Access to Care Probably the most predictable outcome of the ACA is that it will increase the number of individuals in the U.S. with health insurance coverage. Despite the potential benefits, this could put additional stress on a health are system that is already short on doctors. Among the 34 member nations of the Organisation for Economic Co-Operation and Development, the U.S. ranks 27th in physicians per capita (see Figure 1). And this problem does not appear to be going away: The Association of American Medical Colleges forecasts that physician demand will dramatically outpace supply over the next decade, leading to a shortage of more than 90,000 physicians in the U.S. in 2020. This is particularly troubling as it relates to specialists — for example, orthopedic surgeons — and the potential for delays in obtaining diagnostic tests and scheduling elective surgeries and other procedures. Longer periods of disability and complications as a result of such delays would ultimately drive workers’ compensation costs up. With this added pressure on a limited number of medical providers, it becomes more important than ever for employers to develop medical networks that focus on quality of care and outcomes — even if it means paying more on a fee-for-service basis. Employers that pay their medical providers fairly and quickly will have more timely access for their injured workers and should ultimately have lower workers’ compensation costs.

Standards of Care Traditionally, the healthcare industry’s focus has been on volume; more patient admissions, tests and procedures translated to higher revenues. Post-reform, however, the industry has shifted its focus to improving standards of care and achieving better patient outcomes. If this transition results in less emphasis on costly procedures, which often produce questionable results, workers’ compensation costs could be reduced. Although it remains to be seen whether the standards of care developed under the ACA for group healthcare would be enforced under workers’ compensation, this is a promising development for employers.

Premium Refunds The ACA provides for insurers to rebate premiums to employers that have better than expected performance with their healthcare programs. Employers can either refund such premiums back to their workers or use them to offset future premiums. The National Council on Compensation Insurance (NCCI) has indicated that if premium refunds are given to employees, this would be considered payroll under workers’ compensation premium calculations. In other words, having a good performance on its group health program could increase an employer’s workers’ compensation program costs because premium calculations are tied to payroll. Employers should keep this in mind when deciding what to do with healthcare premium rebates that may be received.
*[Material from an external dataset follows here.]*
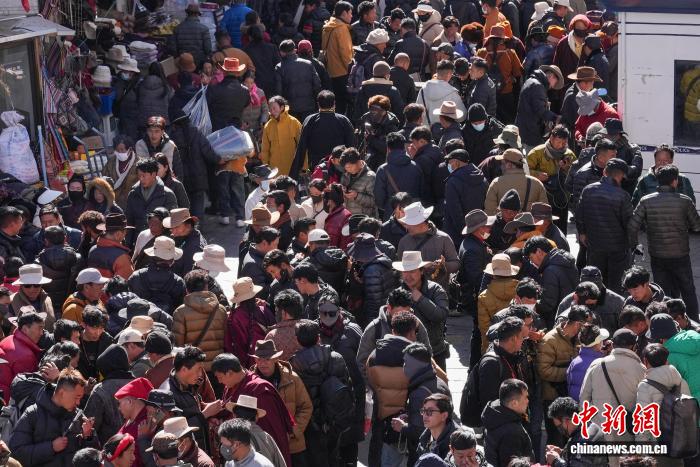 1月27日,藏歷新年將至,拉薩街頭年味漸濃。城區(qū)街巷燈籠高掛,市民忙著采購(gòu)酥油花、香布、切瑪盒、吉祥羊頭、藏文春聯(lián)等特色年貨,各式新年好物琳瑯滿目,處處洋溢著喜慶祥和的節(jié)日氛圍,人們以傳統(tǒng)方式迎接新年到來(lái)。圖為拉薩沖賽康市場(chǎng)前來(lái)選購(gòu)年貨的民眾絡(luò)繹不絕。貢確 攝

Managing the Effects of Healthcare Reform There is little doubt that healthcare reform will have an impact on workers’ compensation costs and claim trends. And while the extent will not be known until the ACA has been fully implemented, employers can take steps now to lessen any potential negative impacts, and increase the value of the positives. For example, employers should:

  • Increase efforts to identify medical providers that can provide the best quality care for injured workers and take the necessary steps to ensure the workforce has access to these providers.
  • Carefully manage the approach to healthcare premium rebates, which could affect how payroll is calculated under workers’ compensation.
  • Closely monitor any shifts in injury claims to workers’ compensation. Despite the ACA’s promise of greater access to health insurance coverage, there remains a financial incentive for employees to seek treatment under workers’ compensation rather than group health.
  • Remain committed to loss-control efforts. Don’t let concerns over the ACA cause a loss of focus on this key area.